Every line of the listing is returned unchanged, and every picture is dropped.

### Given data
───
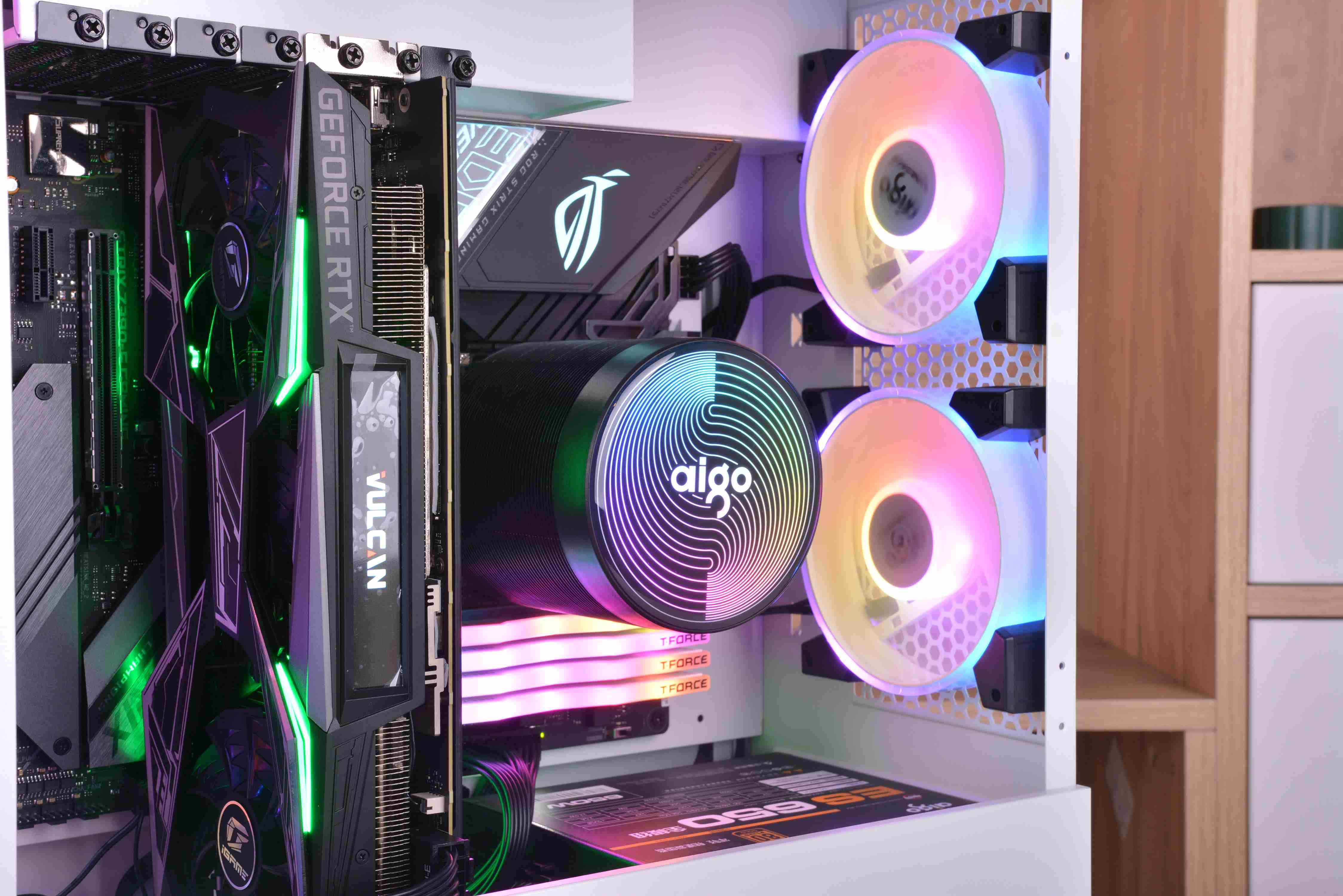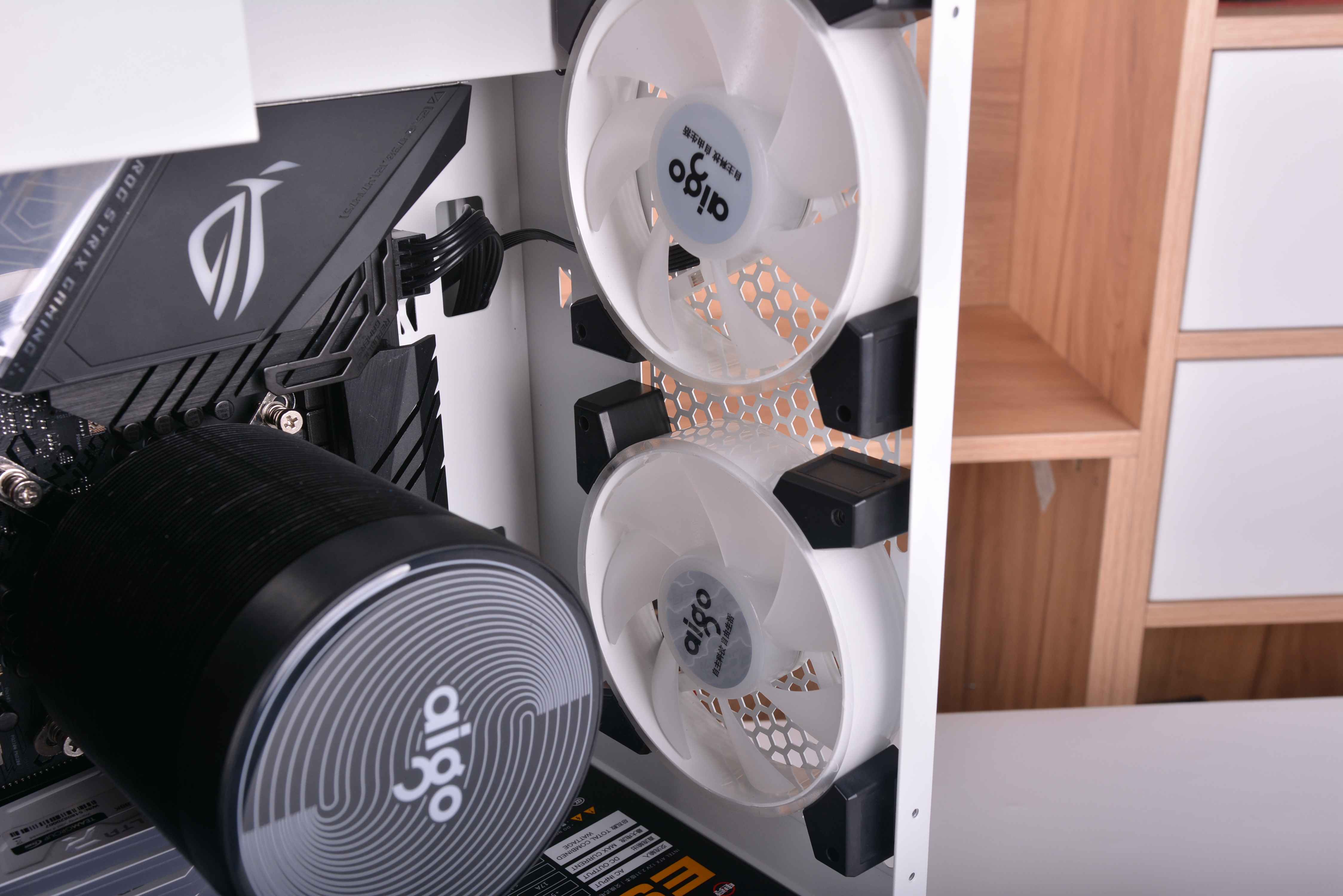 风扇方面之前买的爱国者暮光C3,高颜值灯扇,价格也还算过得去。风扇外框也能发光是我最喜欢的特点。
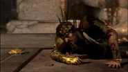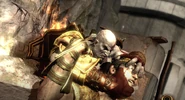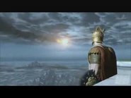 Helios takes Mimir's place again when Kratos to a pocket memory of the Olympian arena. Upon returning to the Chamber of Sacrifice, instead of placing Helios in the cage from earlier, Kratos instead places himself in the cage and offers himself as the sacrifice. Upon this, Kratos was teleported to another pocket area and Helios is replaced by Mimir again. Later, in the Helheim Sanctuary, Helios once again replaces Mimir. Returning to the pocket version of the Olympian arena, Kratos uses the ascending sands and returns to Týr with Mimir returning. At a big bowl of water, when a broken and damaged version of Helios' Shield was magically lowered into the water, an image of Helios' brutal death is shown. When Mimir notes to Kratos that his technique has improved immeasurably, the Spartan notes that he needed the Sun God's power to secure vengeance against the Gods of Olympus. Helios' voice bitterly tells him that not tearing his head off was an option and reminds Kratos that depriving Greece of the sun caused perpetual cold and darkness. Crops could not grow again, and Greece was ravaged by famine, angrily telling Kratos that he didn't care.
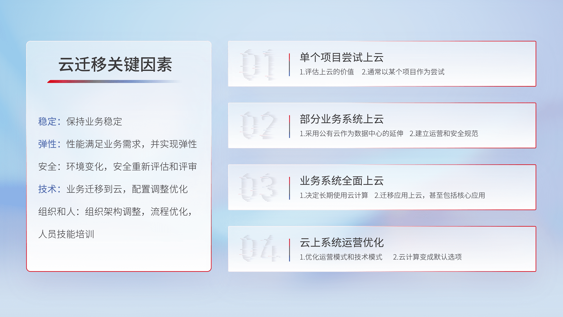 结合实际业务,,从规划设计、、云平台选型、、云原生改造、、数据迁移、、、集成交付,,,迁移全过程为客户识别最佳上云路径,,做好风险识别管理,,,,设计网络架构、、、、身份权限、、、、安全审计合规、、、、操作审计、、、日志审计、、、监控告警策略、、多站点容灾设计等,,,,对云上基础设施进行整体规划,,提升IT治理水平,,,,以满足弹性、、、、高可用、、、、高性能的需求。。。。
───
### Response for this exercise
 风扇方面之前买的爱国者暮光C3,高颜值灯扇,价格也还算过得去。风扇外框也能发光是我最喜欢的特点。
 Helios takes Mimir's place again when Kratos to a pocket memory of the Olympian arena. Upon returning to the Chamber of Sacrifice, instead of placing Helios in the cage from earlier, Kratos instead places himself in the cage and offers himself as the sacrifice. Upon this, Kratos was teleported to another pocket area and Helios is replaced by Mimir again. Later, in the Helheim Sanctuary, Helios once again replaces Mimir. Returning to the pocket version of the Olympian arena, Kratos uses the ascending sands and returns to Týr with Mimir returning. At a big bowl of water, when a broken and damaged version of Helios' Shield was magically lowered into the water, an image of Helios' brutal death is shown. When Mimir notes to Kratos that his technique has improved immeasurably, the Spartan notes that he needed the Sun God's power to secure vengeance against the Gods of Olympus. Helios' voice bitterly tells him that not tearing his head off was an option and reminds Kratos that depriving Greece of the sun caused perpetual cold and darkness. Crops could not grow again, and Greece was ravaged by famine, angrily telling Kratos that he didn't care.
 结合实际业务,,从规划设计、、云平台选型、、云原生改造、、数据迁移、、、集成交付,,,迁移全过程为客户识别最佳上云路径,,做好风险识别管理,,,,设计网络架构、、、、身份权限、、、、安全审计合规、、、、操作审计、、、日志审计、、、监控告警策略、、多站点容灾设计等,,,,对云上基础设施进行整体规划,,提升IT治理水平,,,,以满足弹性、、、、高可用、、、、高性能的需求。。。。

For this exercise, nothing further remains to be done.